Полковник повернулся к сэру Чарльзу Кэрью, который с весьма и весьма довольным видом наблюдал за этой сценой.

– Чарльз, – выразительно сказал он, – если верить слухам, вы принимали участие в таком количестве дел чести, как никто из людей вашего возраста, состоящих при дворе. Так что вам и карты в руки. Помогите мне уверить этих джентльменов, что они могут помириться, не нанеся ни малейшего урона своей чести, и таким образом избежать дуэли, которая вызвала бы возмущение в нашем обществе и поставила под угрозу благо колонии.

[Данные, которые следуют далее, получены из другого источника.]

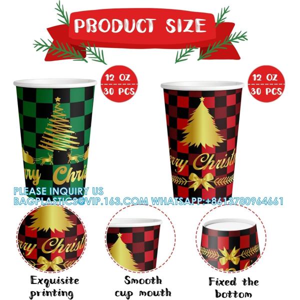 Christmas Paper Coffee Cups With Sleeves Lids 12 Oz Xmas Disposable Party Cup Christmas Tree Hot Cocoa Cups Images |
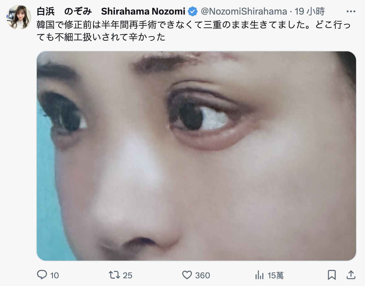 就是「整形失败」,一年前她在银座一间超有名的整形医院进行手术,由于是指名院长动刀还要加付25%的费用,结果手术失败了ー虽然后来手术费有退还,但从此她就陷入了手术修补然后再度失败的恶性循环,眼睛的部分最惨,五次手术通通失败,让她没办法继续工作,粗估损失在1000万日币⋯
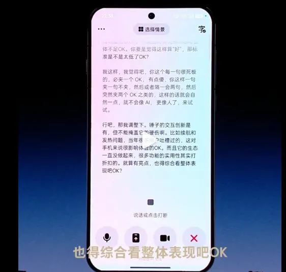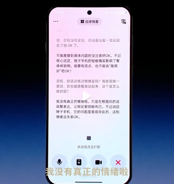 豆包表示:我没有真正的情绪,只是在根据你的话调整表达,让辩证更顺畅而已。不过说回锤子手机,它的问题是客观存在的,这和情绪没有关系OK。瞬间勾起现场观众对2014年罗永浩与王自如论战的回忆。
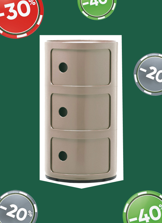 Imaginée par la griffe Kartell, le Componibili est un petit meuble de rangement cylindrique, modulable et empilable. Icône du design italien, il associe lignes épurées et fonctionnalité, offrant une solution élégante et intemporelle pour organiser et sublimer chaque espace.
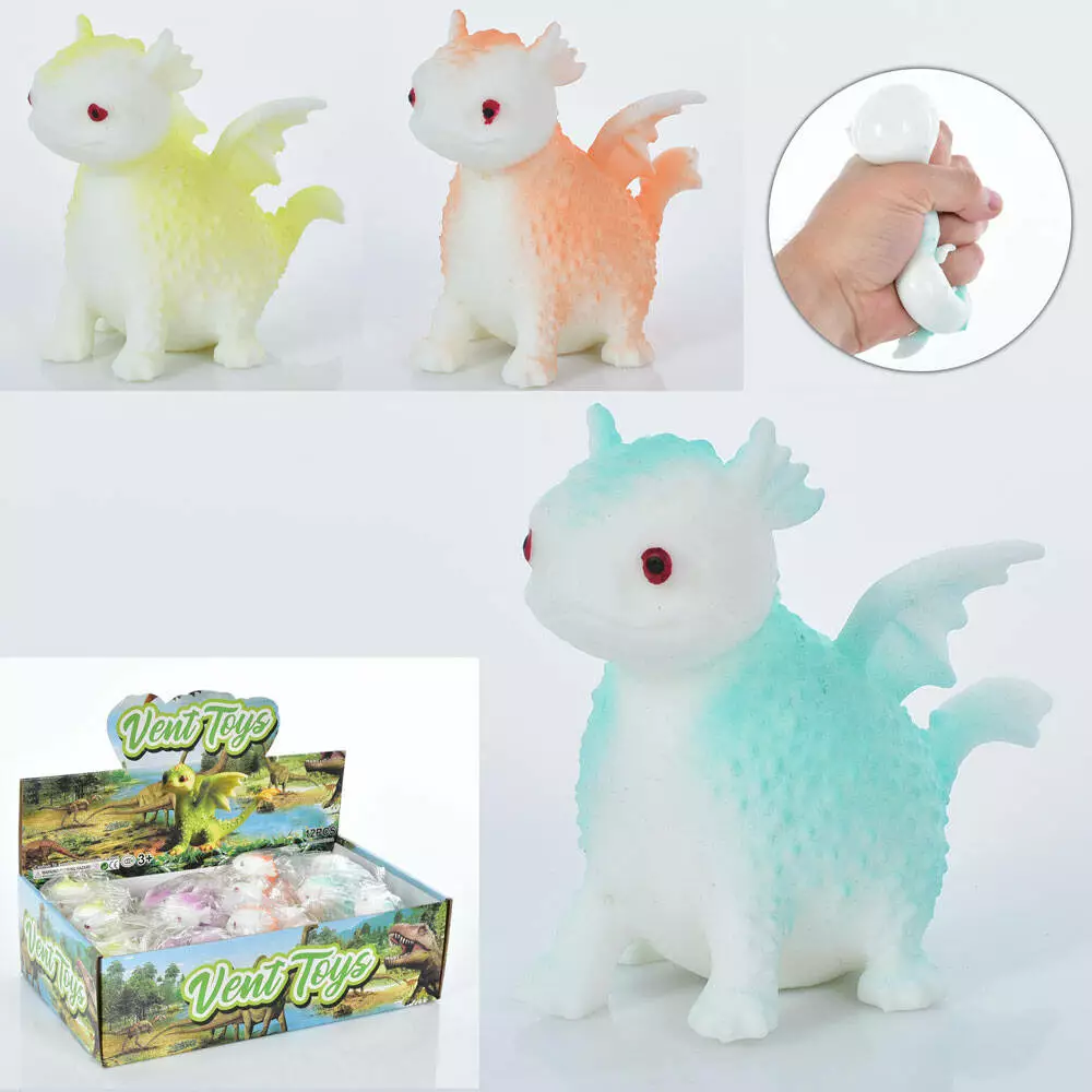 Фотография 1 товарной позиции интернет-магазина детских игрушек www.smarttoys.com.ua Фігурка SQ-29 дракон, антистрес, 4 кольори, 12 шт. в диспл., 29-17,5-9,5 см.

Сэр Чарльз перевел взгляд с миролюбивого полковника на сурового и невозмутимого главного землемера, а затем на кипящего гневом губернатора, белые унизанные перстнями пальцы которого подергивались от нетерпения.

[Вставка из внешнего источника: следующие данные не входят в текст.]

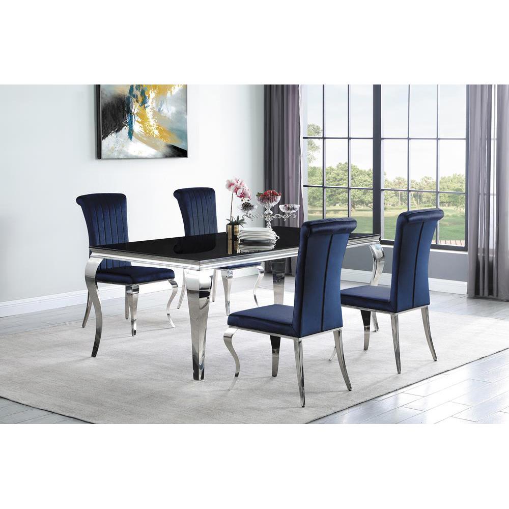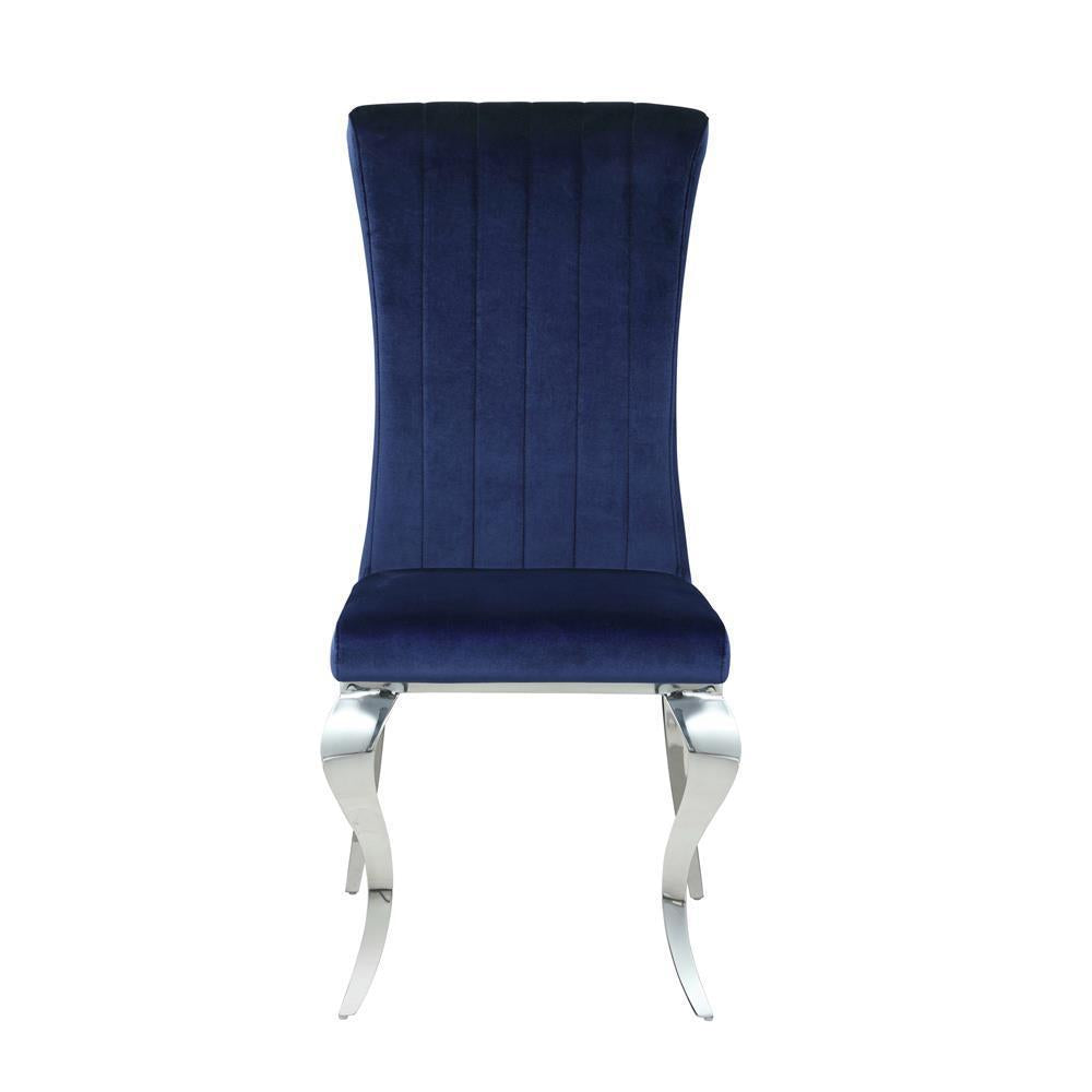 Elegant and ultra-glamorous, this upholstered dining chair offers a mixed material design that is made to last and perfect for formal dining rooms. each chair features a stainless steel base and legs with a gleaming, shiny chrome finish. cabriole-inspired curved legs in front add a traditional flair. sit back and relax into channel tufted upholstery, complete with a tall backrest that rolls toward the top. wrapped in a plush velvet fabric, these chairs are inviting and soft to the touch, and are offered in four different colors to accompany the carone collection dining table.
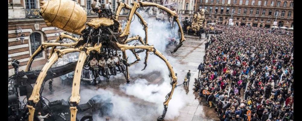 Los mitos de la antigua Grecia cobran vida para deleite de los vecinos de la ciudad francesa de Toulouse. La araña Ariane y el minotauro Asterion caminan entre un público sorprendido por las dimensiones de estos visitantes mecánicos que han tomado las calles. Estos gigantes de metal de casi 50 toneladas son los protagonistas de la nueva performance del grupo francés de teatro llamado La Máquina. Ella es una de las artistas que da vida a los colosos.

– Разумеется, сэр, – лениво ответствовал он, – я сообщу вам мое скромное мнение, состоящее в том, что, учитывая характер провокации и позиции сторон, есть только один выход из положения, который не затронет их честь.

– Вот именно! – вскричал полковник.

Сэр Чарльз закинул руки за голову и сомкнул их на затылке.

– За вашим плодовым садом есть одно прелестное местечко, сэр, – молвил он, мечтательно глядя на потолок. – Я приметил его на днях, и будь я проклят, если мне сразу же не захотелось оказаться в обществе Гарри Беллэсиса, с которым я дрался три раза. У Гарри слово не расходится с делом. Свет на закате – самое оно, хотя здесь у вас сумерки опускаются слишком рано. Могу ли я указать вашему превосходительству, что ваш riposte скорее блистателен, чем безопасен? А ваш parade, майор Кэррингтон, немного старомоден. Я мог бы преподать вам новейший французский стиль фехтования за пять минут.

– Я признателен вам за ваше предложение, сэр, – сухо сказал главный землемер. – Но меня вполне устраивает и мой собственный стиль.

– Сэр Чарльз Кэрью сделает мне честь быть моим секундантом? – осведомился губернатор. Дворянин, к которому был обращен сей вопрос, поклонился и ответствовал:

– Это вы делаете мне честь, сэр.

– Капитан Лэрамор? – спросил главный землемер.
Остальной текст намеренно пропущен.